La Côte d’Ivoire continue d’archiver ses faits historiques qui jalonnent son parcours lointain et/ou récent. Ce 18 février rappelle bien de souvenirs, notamment la répression des opposants sortis dans la rue en 1992 pour brandir une série de revendications.
Appelé par Félix Houphouët-Boigny pour donner un nouveau souffle à l’économie ivoirienne agonisante, Alassane Ouattara d’abord président d’un comité interministériel est nommé Premier ministre. C’est le tout premier du premier président ivoirien. Sorti du système des finances internationales, Alassane Ouattara arrive en Côte d’Ivoire dans un environnement de morosité économique happé par le nouveau vent du multipartisme. Laurent Gbagbo, secrétaire général du Front populaire ivoirien (FPI) à l’époque, et ses camarades de parti ne se donnaient pas de répit pour contraindre Félix Houphouët-Boigny à lâcher du lest sur des dispositions constitutionnelles pouvant déboucher sur des réformes démocratiques. En face, celui à qui il faudra d’abord faire plier l’échine, c’est le Premier ministre Alassane Ouattara.
Ouattara – Gbagbo, une adversité vieille d’une trentaine d’années
Le 18 février 1992 est sans doute le premier test d'un face-à-face politique entre les deux personnalités, Alassane Ouattara au pouvoir et Laurent Gbagbo fer de lance de l’opposition. Leur adversité ne date pas d’aujourd’hui. Le désamour qui a prévalu entre 1990 et 1993 s’est poursuivi jusqu’à ce jour, après avoir tâté une impossible alliance dans un front républicain en 1995 face à Henri Konan Bédié. Une semaine avant cette marche historique du 18 février, une centaine d’étudiants de la Fédération estudiantine et scolaire de Côte d’Ivoire (FESCI), avec à sa tête son premier leader Martial Ahipeaud, venait de se faire arrêter suite à une manifestation contre l’impunité des bourreaux de la répression à la cité universitaire de Yopougon en mai 1991. Après une enquête qui a épinglé la Force d’intervention rapide para-commando (Firpac), Houphouët-Boigny s’est abstenu de poursuivre les hommes du général Robert Guéï. Pour l’opposition, c’en était une posture de trop, dans l’instrumentalisation de la justice et l’embrigadement des libertés publiques en général. Le 12 février 1992, l’opposition place alors sa marche sous le signe de la « conquête des libertés et l’instauration de la démocratie ». Malgré son interdiction par le gouvernement d’Houphouët piloté par Alassane Ouattara et de la « loi anticasseurs », l’opposition y est allée tout de même, en masse. Certains observateurs ont parlé d'« assaut final » contre le régime d'Houphouët.

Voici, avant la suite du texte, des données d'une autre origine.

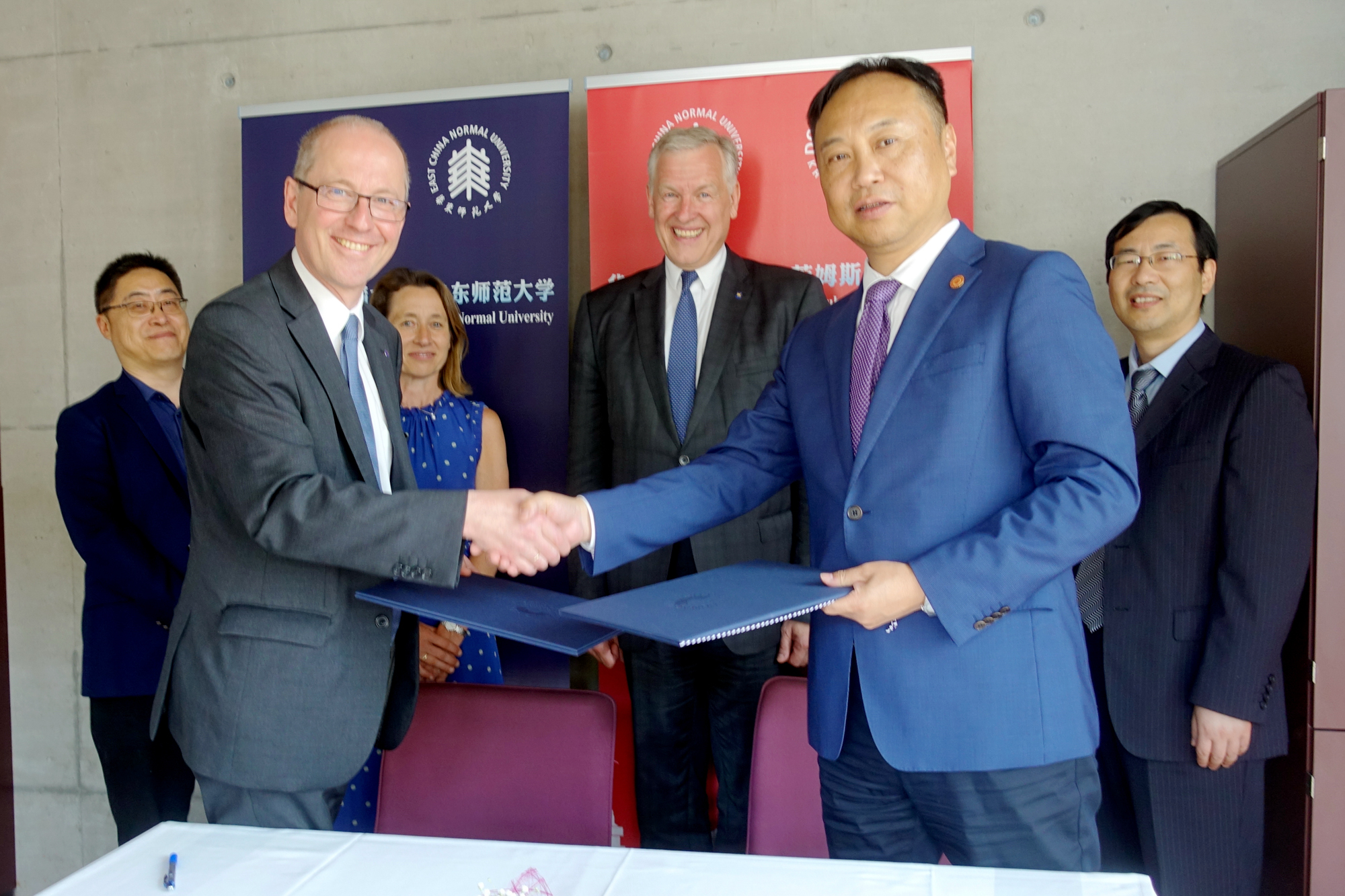 此后,在下奥地利地区政府官员代表Martin Eichtinger的见证下,戴立益与Friedrich Faulhammer共同签署两校教师与行政人员交换协议,旨在为两校教研与行政管理人员搭建合作交流的平台,互学互鉴,实现共同成长与发展。据悉,该交换将作为两校间首个实质性合作项目于年内正式启动遴选,计划于明年春季实现人员互换。访问期间,在校长Friedrich Faulhammer的引荐下,戴立益一行还与毗邻克莱姆斯多瑙大学的克莱姆斯应用科学大学代表围绕高校国际化发展座谈交流。

Le témoignage de Gbagbo sur le 18 février
Quelques heures après le début de cette marche à l’Institut national de santé publique (INSP) à Adjamé, des témoins ce jour-là font cas d’un incendie de véhicules au niveau du palais de justice, de violents heurts dans les environs de la BAD et du marché, au Plateau. Laurent et Simone Gbagbo sont ciblés. « Mon épouse m’a raconté plus tard qu’au même moment on criait : « tuez-la ! ». « Elle a été battue jusqu'à ce qu’elle perde connaissance. Transportée au camp Gallieni, elle y a été encore plus sauvagement battue. Quand elle s’est réveillée, elle était à l’hôpital avec les vertèbres cervicales endommagées. Elle nous a rejoints plus tard en prison avec une minerve. Ce jour était pour moi un jour de tristesse en pensant à la Côte d'Ivoire, mais aussi un jour de gloire pour les combattants de la liberté et de la démocratie. J’étais convaincu que c’était le prix à payer pour que nous ayons la démocratie et le pouvoir. J’ai compris ce jour-là que je serai Président de la République et que plus rien ne pouvait m’arrêter », raconte l’ancien président ivoirien, dans un documentaire réalisé par le cinéaste Henri Dupac, intitulé « Laurent Gbagbo, la force d’un destin 1945-2000 ». « Des militaires sont arrivés. Ils m’ont encerclé. Il y en a un qui a sorti son pistolet automatique qu’il a pointé vers moi (…) », se rappelle Simone Gbagbo.
29 ans plus tard – ce 18 février 2021 – le face-à-face Ouattara-Gbagbo est toujours d’actualité. En avril 2011, Alassane Ouattara après avoir réussi à prendre le pouvoir des mains de Laurent Gbagbo, a autorisé son transfert à la Cour pénale internationale (CPI). Depuis la libération de celui-ci, son retour au pays fait l’objet de blocages malgré une disposition de la Constitution, article 22, qui stipule qu’« aucun Ivoirien ne peut être contraint à l’exil ».